Carrello 0
LAVORI PUBBLICI

Appalti sotto soglia, Anac vara le nuove linee guida

di Paola Mammarella

Rotazione degli inviti con divieto di richiamare il contraente uscente e maggiori verifiche sugli affidamenti senza gara

Vedi Aggiornamento del 31/05/2018
15/03/2018 – L’Autorità nazionale anticorruzione (Anac) ha dato il via libera alle nuove linee guida, attuative del Codice Appalti (D.lgs. 50/2016) sui contratti sotto soglia.
 
Il testo, accogliendo i suggerimenti del Consiglio di Stato, non fa sconti sul principio di rotazione degli inviti. Sono inoltre previsti maggiori controlli sugli affidamenti senza gara in modo da neutralizzare eventuali tentativi di elusione della concorrenza.
 

Appalti sotto soglia e rotazione degli inviti

Le gare di importo inferiore alle soglie comunitarie non seguono le procedure ordinarie. A seconda del valore del lavoro o del servizio da affidare, la Stazione Appaltante invita un determinato numero di operatori.
 
In linea generale, il contraente uscente non può essere invitato ad una procedura rientrante nella stessa categoria di opere o nello stesso settore merceologico.
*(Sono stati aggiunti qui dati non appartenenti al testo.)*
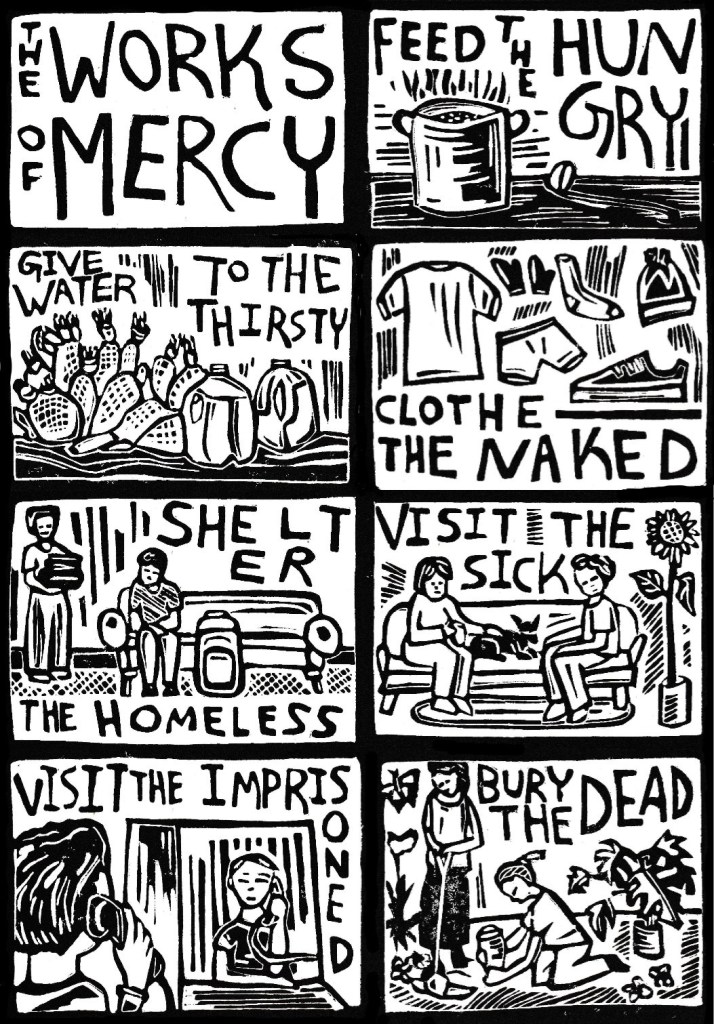 The Nation magazine used my linocut of the Works of Mercy to illustrate an article about the 90th anniversary of the Catholic Worker Movement!

Il contraente uscente potrebbe infatti aver acquisito una posizione di vantaggio per le informazioni acquisite durante il pregresso affidamento.
 
L’invito non può essere inviato neanche all’operatore invitato nella precedente procedura di selezione, ma poi non risultato affidatario. Anche in questo caso l’operatore può avere acquisito delle informazioni tali da falsare la concorrenza.
 
L'invito all'affidatario uscente deve quindi rivestire carattere eccezionale ed essere adeguatamente motivato. Sono ammesse deroghe negli affidamenti di importo fino a mille euro.
 

Appalti sotto soglia e autodichiarazioni

Per lavori, servizi e forniture di importo fino a 5mila euro, in caso di affidamento diretto, la stazione appaltante può procedere alla stipula del contratto sulla base di un’apposita autodichiarazione resa dall’operatore. Le autodichiarazioni sono ammesse anche nella stipula dei contratti fino a 20mila euro, ma devono essere rese secondo il modello del documento di gara unico europeo (Dgue).
 
Per assicurare la regolarità, il contratto deve prevedere una clausola di risoluzione in caso di irregolarità dei requisiti autodichiarati e una penale non inferiore al 10% del valore del contratto.
 

Frazionamento degli appalti

Le linee guida dettano una serie di criteri per evitare il frazionamento degli appalti con l’obiettivo di far abbassare l’importo dei lavori da affidare ed eludere la normativa.
 
Ad esempio, per le opere di urbanizzazione a scomputo totale o parziale del contributo previsto per il rilascio del permesso di costruire, nel calcolo del valore stimato devono essere cumulativamente considerati tutti i lavori di urbanizzazione primaria e secondaria anche se appartenenti a diversi lotti, connessi ai lavori oggetto di permesso di costruire.